[QUOTE=geoff;106009]It also updates the Intel cache detection code. Cruelty: can you check whether this version works on your C2D?[/QUOTE]It works fine now :tu:

[B]P3-M @ 1GHz[/B] - amd binary is slower
Generally version 1.5.2 is ~3% faster than 1.4.2 :tu: [code]sr2sieve-intel -vv
sr2sieve 1.5.2 -- A sieve for multiple sequences k*b^n+/-1.
L1 data cache 16Kb (detected), L2 cache 512Kb (detected).
Read 493896 terms for 9 sequences from ABCD format file `sr2data.txt'.
Split 9 base 2 sequences into 649 base 2^180 subsequences.
Loaded Legendre symbol lookup tables for 9 sequences from `sr2cache.bin'.
Using 16 Kb for the baby-steps giant-steps hashtable, maximum density 0.23.
Best time for baby step method gen/2: 62836.
Best time for baby step method gen/4: 62120.
Best time for baby step method gen/8: 57971.
Best time for baby step method gen/1: 73323.
Best time for giant step method gen/2: 39837.
Best time for giant step method gen/4: 39845.
Best time for giant step method gen/8: 37217.
Best time for giant step method gen/1: 44362.
Best time for ladder method gen/2: 5197.
Best time for ladder method gen/4: 4614.
Best time for ladder method gen/8: 4866.
Best time for ladder method gen/1: 8042.
Best time for ladder method add/1: 12124.
Using baby step method gen/8, giant step method gen/8, ladder method gen/4.
Resuming from checkpoint pmin=3955028652461 in `checkpoint.txt'.
Using 256Kb for the Sieve of Eratosthenes bitmap.
Expecting to find factors for about 4896.56 terms in this range.
sr2sieve started: 1000000 <= n <= 1999997, 3955028652461 <= p <= 4000000000000
p=3955047920347, 319607 p/sec, 4474 factors, 95.50% done, 667 sec/factor[/code]

I have upgraded linux64.sr1sieve on one of my machines from 1.0.23 to 1.1.0 and I get an error when trying to run it.

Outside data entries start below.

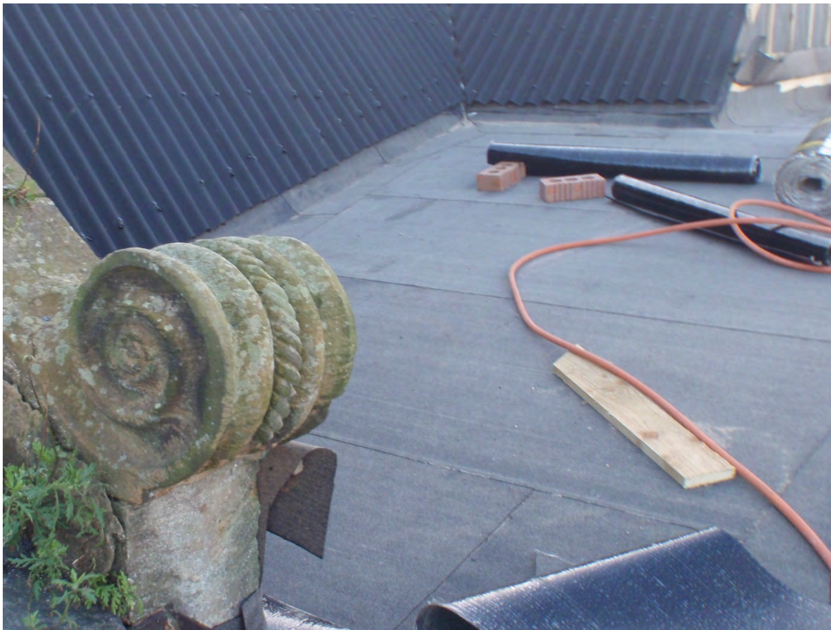
Figure 11. The new flat roof over the hall, which provided access to work on the stairwell roof. The re-covered north pitch of the stairwell roof can also be seen top right.

roof over the hall was desirable to largely complete the temporary roof covering over the core of the building. However, this work was not part of the Dangerous Building Notice and so required additional funds. Funds were re-allocated from savings made by not having to apply torch-on felt to the ogee roof. By working carefully from the scaffold, the contractor was able to extend new timber joists of standard dimension over the void where the hall roof had been. Particle board was then fastened over the joists and covered with a torch-on mineral felt. The new flat roof was given a run to the garden on the east side (Figure 11) to shed water away from this vulnerable area of the building.
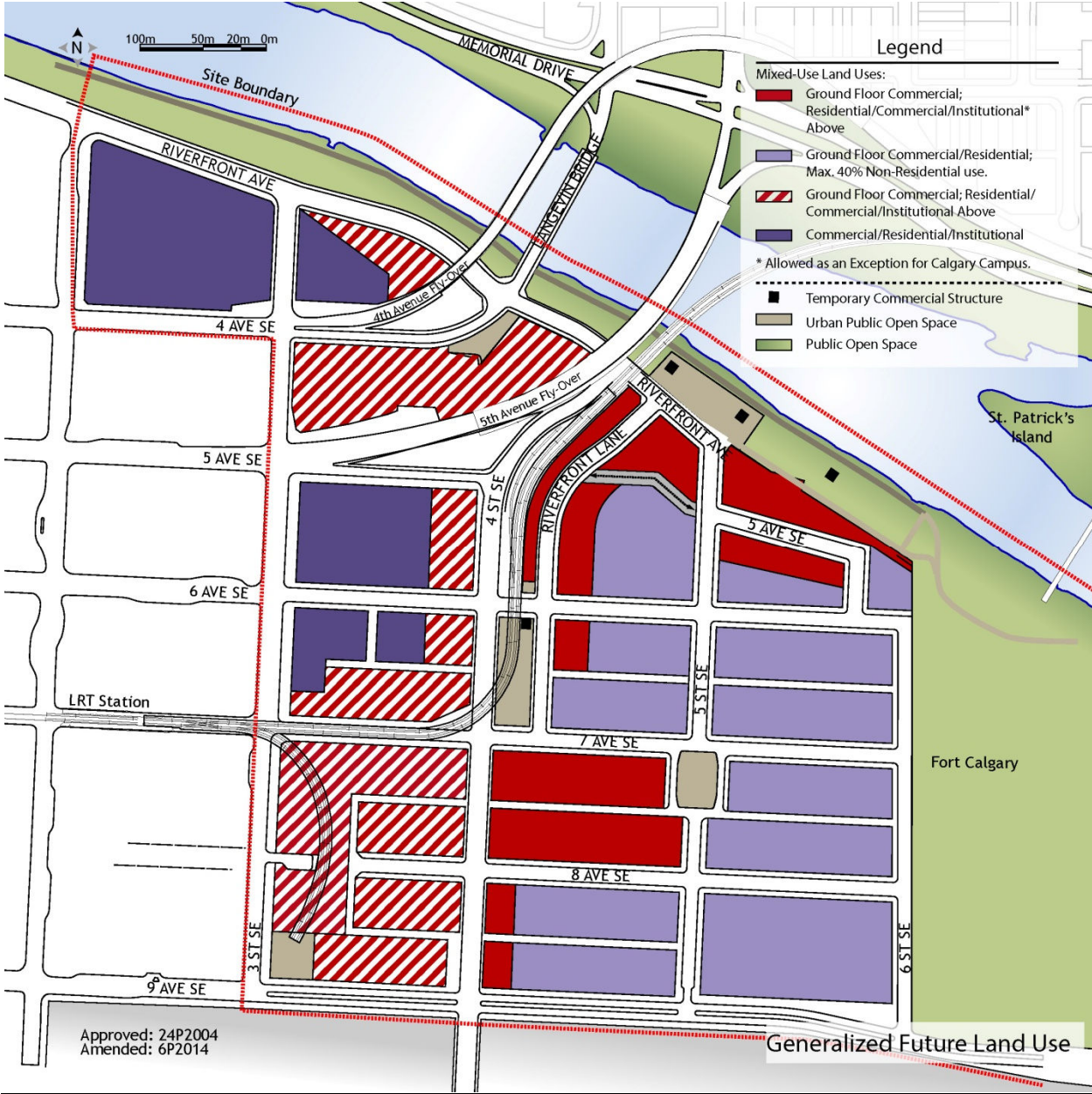
Fig. 4.01 Generalized Future Land Use
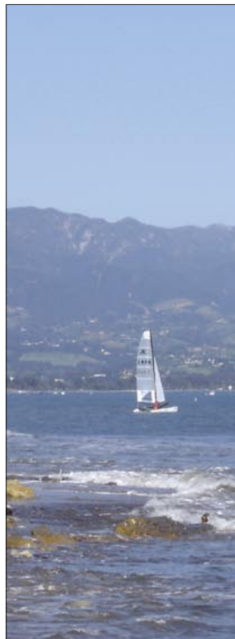
Hobie Tiger Worlds 2005, Santa Barbara, CA
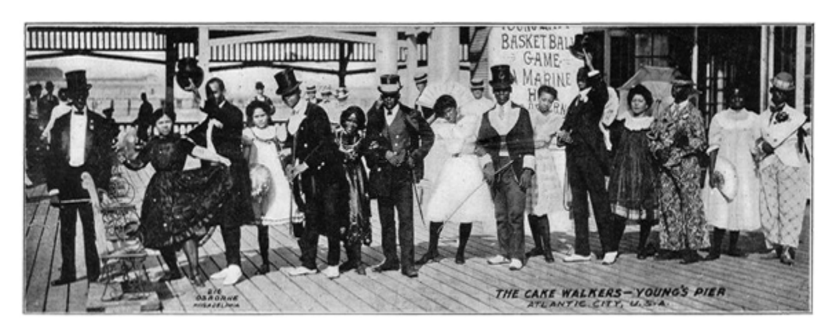
Entertainment like the renowned Cake Walkers delighted the public.

To attract more crowds, the two installed an aquarium, ballrooms, and booked regular band concerts. Vaudeville show performances were given in the pier's theatre.
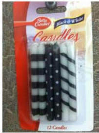
Black and White Candles
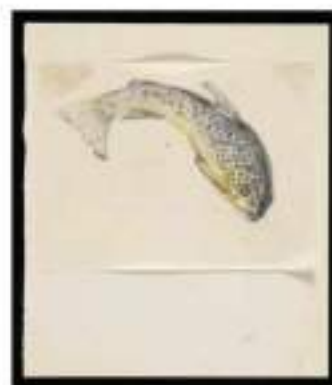
Publishing archive collections online

From planning to delivery and all that's in between
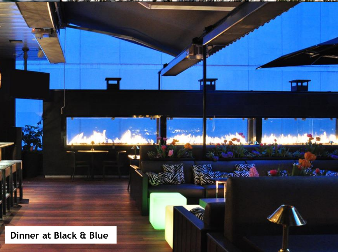
Dinner at Black & Blue
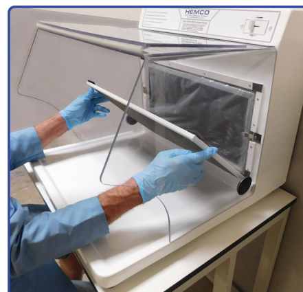
Install particle prefilter and attach using velcro
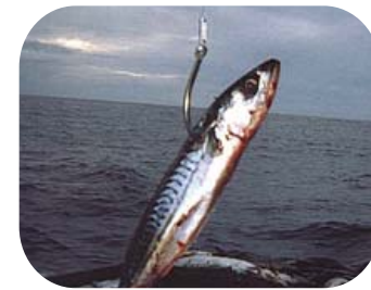
Using fish as bait instead of squid provides additional protection to keep turtles off hooks.

Any ideas what's going on? It's a C2D E4300 CPU @ 2.4GHz.[code]sr1sieve 1.1.0 -- A sieve for one sequence k*b^n+/-1.
L1 data cache 32Kb (detected), L2 cache 2048Kb (detected).
Read 89136 terms for 4*3^n-1 from NewPGen file `k=4_b=3.txt'.
Split 1 base 3 sequence into 32 base 3^90 subsequences.
Using 0 Kb for Legendre symbol tables.
Using 8 Kb for the baby-steps giant-steps hashtable, maximum density 0.20.
Best time for baby step method gen/2: 20322.
Best time for baby step method gen/4: 17064.
Best time for baby step method gen/1: 23553.
Best time for giant step method gen/2: 12087.
Best time for giant step method gen/4: 13131.
Best time for giant step method gen/1: 16704.
Using baby step method gen/4, giant step method gen/2.
Using 1024Kb for the Sieve of Eratosthenes bitmap.
Expecting to find factors for about 1461.46 terms.
sr1sieve started: 200013 <= n <= 1999957, 6121454326643 <= p <= 10000000000000
./linux.bat: line 1: 23295 Segmentation fault (core dumped) ./sr1sieve -i k=4_b=3.txt -o ready.txt -f factors.txt --pmax 10e12 -vv --save 15[/code]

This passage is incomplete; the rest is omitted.